Muhasabah Cinta (Arya Dan Arini)

Muhasabah Cinta (Arya Dan Arini)
98.Tersesat


__ADS_3

...◦•●◉✿Happy Reading✿◉●•◦...


..._______...


Mata Arini terbelalak, mulutnya berkecamuk dan sesekali menelan ludahnya dengan kesusahan.


"Pak tuan? " Arini semakin gemetar saat melihat Arya yang sudah keluar dari mobil dan berjalan semakin dekat.


Dengan tubuh yang semakin gemetar Arini tetap di buat bingung dengan kedatangan Arya ke kediamannya. Ini sudah malam, yang jelas bukan lagi jam kerja Arini yang bisa di kendalikan oleh Arya.
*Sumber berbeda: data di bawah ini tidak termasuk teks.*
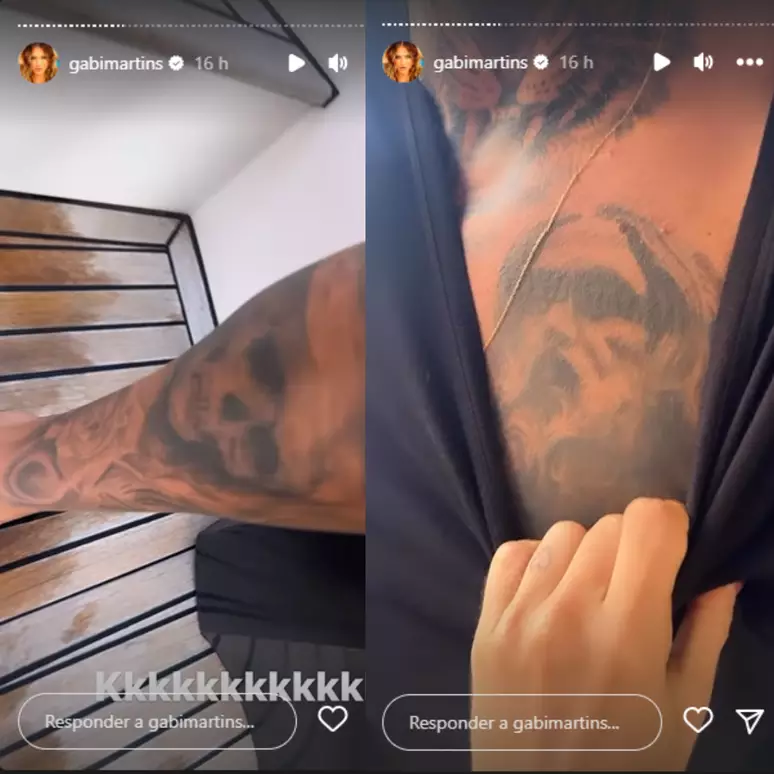 Gabi ainda revelou que essa não é a primeira vez que o namorado tem que cobrir uma tatuagem que foi feita para ex-namorada, e que desta vez, no lugar do rosto da mulher, ele tatuou uma caveira.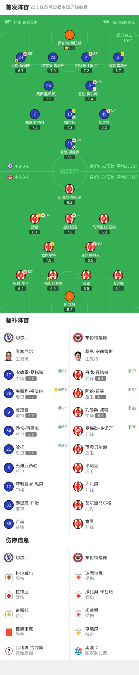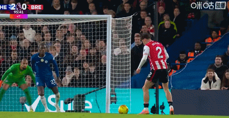第10分鐘,布倫特福德后防失誤,加納喬突入禁區,凱萊赫出擊破壞

Dinginnya malam tak berguna sama sekali untuk Arini, udara berubah menjadi panas sekarang sampai membuat Arini berkeringat. Sebenarnya apa yang Arya lakukan di jam gini? Arini tidak tau sama sekali apa maksud dari kedatangannya tapi di lihat dari wajahnya sama sekali tak mengisyaratkan kalau dia dalam keadaan baik-baik saja. Ada yang aneh dalam diri Arya, apalagi kalau bukan sebuah amarah.
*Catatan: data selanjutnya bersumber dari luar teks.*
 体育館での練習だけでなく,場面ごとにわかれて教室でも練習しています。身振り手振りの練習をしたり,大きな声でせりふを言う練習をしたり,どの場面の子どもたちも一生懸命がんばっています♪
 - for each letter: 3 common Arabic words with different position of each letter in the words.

Kaki jenjang Arya semakin cepat mendekat, kenapa rasanya cepat sekali sampai di hadapan Arini. Arini diam, tapi matanya terus fokus pada wajah berbentuk oval juga netra yang berwarna hitam milik Arya. Jika saja aura kemarahan itu tidak ada pastilah terlihat sangat sempurna ketampanannya apalagi di hiasi dengan tautan alis yang sama seperti ulat bulu. Tebal juga hitam.


Pakaian Arya masih sama seperti yang tadi siang pakai sepertinya dia sama sekali belum menggantinya, dan baju itu sudah terlihat sangat kusut tidak halus seperti tadi. Mungkin Arya yang menambahkannya dengan gerakan tangan karena kemarahan.


Arini telan saliva-nya sendiri dengan begitu susah saat tubuh gagah Arya sudah berhasil berhenti dihadapannya. "𝘈𝘱𝘢𝘬𝘢𝘩 𝘢𝘬𝘶 𝘮𝘦𝘮𝘣𝘶𝘢𝘵 𝘬𝘦𝘴𝘢𝘭𝘢𝘩𝘢𝘯 𝘭𝘢𝘨𝘪? 𝘚𝘦𝘱𝘦𝘳𝘵𝘪𝘯𝘺𝘢 𝘵𝘪𝘥𝘢𝘬. 𝘛𝘢𝘱𝘪 𝘬𝘦𝘯𝘢𝘱𝘢 𝘗𝘢𝘬 𝘵𝘶𝘢𝘯 𝘵𝘦𝘳𝘭𝘪𝘩𝘢𝘵 𝘣𝘦𝘨𝘪𝘵𝘶 𝘮𝘢𝘳𝘢𝘩? " Pertanyaan muncul di dalam benak Arini. Mana mungkin dia tidak akan berpikir seperti itu setelah apa yang dia lihat saat ini.


Astaga tuh mata pak tuan, begitu menyeramkan dan begitu tajam. Seolah ingin menguliti Arini karena berhasil membuatnya merinding bahkan bulu kuduknya langsung berbaris dengan rapi.


"Pak tuan ke... eh...! jangan sembarangan tarik-tarik, Pak Tuan! " belum juga Arini menyelesaikan pertanyaan pergelangan tangannya sudah di tarik dengan paksa oleh Arya. Bagaimana mungkin Arini akan diam saja tanpa protes kan?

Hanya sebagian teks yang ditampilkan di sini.